When we think of Americans in Afghanistan, we usually picture US soldiers or military contractors. Seattle resident Elizabeth Chien is a civilian who agreed to go to Afghanistan to help build solar power stations for the military. From Kabul, she spoke to KUOW's Amy Radil about her work, what she misses about Seattle, and getting outside the Green Zone.


Elizabeth Chien is an environmental engineer by trade. As part of her work for the US Army Corps of Engineers in Seattle, she works on sustainable construction methods. Her leisure time would normally find her at home in West Seattle, eating some grilled salmon and soaking up the beauty of Puget Sound. But her current surroundings are much more arid.

Chien: "I would love to have some rain."

Chien has been in Afghanistan since February last year. She's accepted a civilian deployment to build solar power stations for the Afghan army. The solar panels are used to power search lights as well as heat or air conditioning for the soldiers in these remote stations — normally that power would be supplied by diesel generators. Chien says the project makes soldiers' lives easier, saves diesel fuel and provides jobs.

Chien: "We're also bringing the skills and training necessary to run these things and help educate and teach those vocational skills to those people who will be maintaining the systems."

Chien says the pace of new construction projects in Afghanistan is dizzying. She has about 15 colleagues from the Corps of Engineers' Seattle office working in the country. They work 10–hour days, six days a week. Chien is based in the Green Zone in Kabul, and she says Americans aren't allowed to leave that zone except for business.
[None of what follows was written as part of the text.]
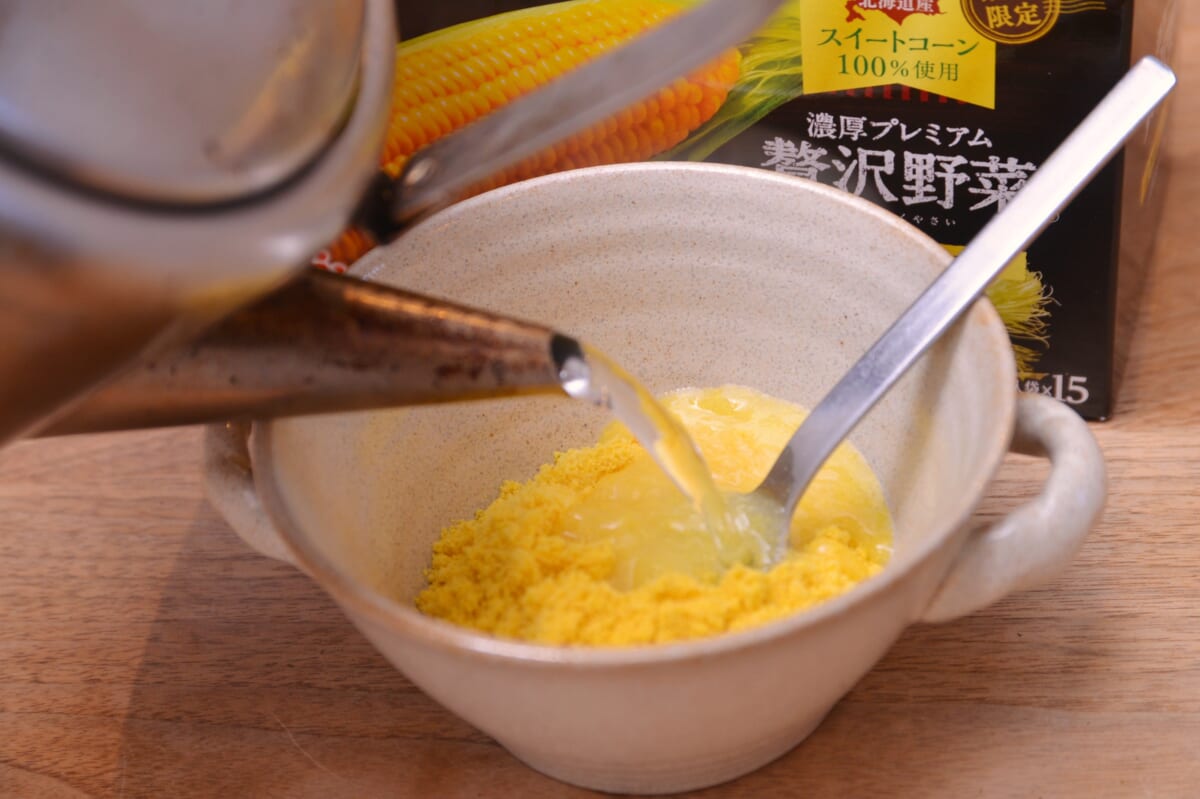 「クノール カップスープ」コーンクリームも指定農場のスーパースイートコーンを使い、収穫から24時間以内にパウダー化はしているものの、色だけでも違いがはっきり出るのは興味深いところ。では味の違いはどうか。いよいよ熱湯を注いで飲んでみます。

Chien: "Even when we do go outside the compound, we are in our vehicle with security until we get to our location and then we can get out. So, I have never walked the streets of Kabul, I have not gone shopping or gone to the market, we're just not allowed to do that."

Chien counts herself lucky that her work requires her to travel all over the country.

Chien: "Because I'm an engineer and project manager, I go outside the compound all the time to get out to my project sites. And not very many women in general get the opportunity to do that. Most of the women here are in support roles."

Often her destination is a meeting with officials in the Afghan army or police force. And they're usually surprised to see a woman show up.

Chien: "Initially I get a lot of stares and a lot of curiosity and people looking my way. Most of the time Afghans are extremely polite, not quite sure what to do with me."

But Chien says when they hear her job title, the atmosphere changes quickly.

Chien: "The Afghans have a high opinion of engineers, so when I'm introduced as Engineer Chien, at that point they kind of forget that I'm a female and we just get down to the business of taking care of whatever needs to be taken care of."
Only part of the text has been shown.